Теперь свергли Мурси — с помощью как тех, кто за демократию, но без Мурси, так и тех самых плохих военных, что поддерживали Мубарака и недавно били демократов на площади Тахрир. Перед переворотом одна из статей в британской прессе (не называю автора и издания по той же причине, см. выше) живописала митинг на Тахрире, куда пришли местные женщины, те самые, которых насиловали и оскорбляли (и военные, и митингующие) во время протестов перед свержением Мубарака. А уже в начале июля несчастные женщины вышли протестовать против Мурси, который есть демократический результат их предыдущих походов на площадь.

Неудобство чувствуют все — демонстранты, журналист, читатели.
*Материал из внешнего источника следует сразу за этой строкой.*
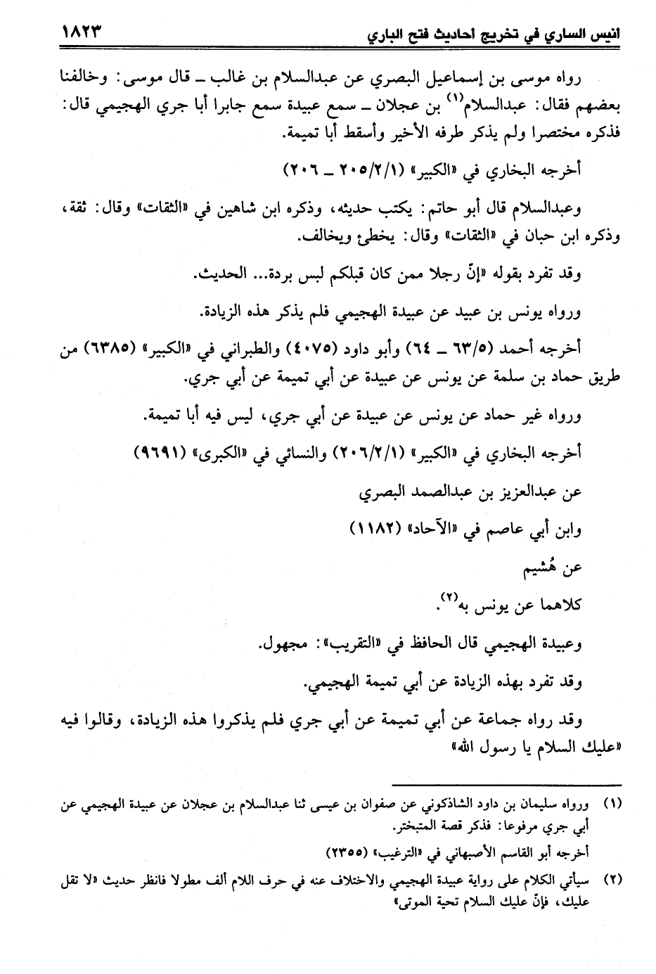 (¬2) سيأتي الكلام على رواية عبيدة الهجيمي والاختلاف عنه في حرف اللام ألف مطولا فانظر حديث "لا تقل عليك، فإنّ عليك السلام تحية الموتى"

Ситуация не поддается описанию в традиционных для Запада идеологических терминах, основанных на простой, придуманной Голливудом системе: «хороший (прогрессивный, демократичный, народный vs. плохой (реакционный, авторитарный, олигархический)». Теперь, кажется, пришло время от этой дуальной системы перейти к (кинематографической же) триаде «Хороший, плохой, злой» (TheGood,TheBadandtheUgly), хотя, конечно же, ugly — не просто «злой». Ugly — большинство того, что происходит сейчас и происходило всегда. Преувеличение «хорошего» и «плохого», их представление как идеологически-фундированных, всегда затемняло преобладание ugly в нашем мире.

Остается разобраться с тем, когда же «хорошие» и «плохие» вообще появились и отчего. Оставим в покое античность и средние века; там «хороший» и «наш» всегда совпадали; в основе деления лежал либо принцип цивилизационный (к примеру, «римляне vs. варвары), либо племенной, либо религиозный. В XIX же веке к ним добавилось нечто неслыханное: идеология. Три идеи сыграли здесь свою роль: идея «нации» как целого организма, идея «класса» и идея «прогресса». Они не существовали параллельно; наоборот, национализм обычно выдавал себя за нечто прогрессивное, даже революционное (и некоторое время, безусловно, был таковым), «рабочий класс» призван двигать вперед «прогресс», сам же «прогресс» понимался, до определенного времени, как некая четко очерченная перспектива для нации и класса.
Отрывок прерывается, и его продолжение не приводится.